Im zweiten Lehrjahr wurde ich selbstbewusster und habe mich auch mal getraut, den Mund aufzumachen. Der Chef des Hauses konnte mich immer besser leiden, weil ihm meine Art gefiel. Mit den Kollegen kam ich gut klar, weil meistens ich es war, die für die Belegschaft den Mund aufmachte. Eine Kollegin hatte ihren Meister gemacht und meinte nun, auch für uns als Ausbilderin zuständig zu sein. Mit ihr bin ich sehr schnell zusammengerutscht, als ich ihr klar machte, dass sie für mich keine offizielle Ausbilderin war! Ein Ereignis muss ich hier kurz schildern: Wir Azubis gingen zusammen zum Mittagstisch und haben dabei rumgealbert. Diese eine Person, die mich nicht mochte, saß schon am Tisch und sagte dann total aggressiv zu mir: „Halt dein Maul! Halt dein verdammtes Maul!“ Alle hatten das mitbekommen. Ich habe ihr natürlich Contra gegeben. Mit dieser Person gab es echt total viel Zoff. Wegen ihr wurde ich dann auch nicht übernommen und musste gehen. Ich hatte schon meine Leute, die mich mochten. Andere aber kamen mit meiner ehrlichen Art nicht klar.

Besonders motiviert war ich, als ich erkannt habe, wie groß meine Perspektiven für die Zukunft sind. Ich kann ja im Großhaushalt (Altenheime, Kinderheime. Hotels) oder im Privathaushalt arbeiten.

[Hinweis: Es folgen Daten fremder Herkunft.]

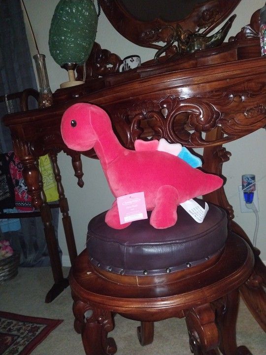 This is a red dinosaur. It's plush so very soft. Good for the younger once to snuggle.

Ich hatte das Gefühl, eine gute Berufswahl getroffen zu haben. Weniger begeistert war ich, wenn ich mal wieder wochenlang jeden Tag acht Stunden nur Zimmer zu reinigen hatte. Ich dachte mir echt, ich bin doch keine Putzfrau!

Über diese Phasen half mir der Gedanke hinweg, dass ich ja auch wieder wochenweise in die Großküche durfte, und dass eben leider auch das Putzen zum Berufbild dazugehört. Meine Ausbilderin hat mich auch immer sehr gut motivieren können. Außerdem hatte ich neben der Ausbildung noch genug Zeit für mich.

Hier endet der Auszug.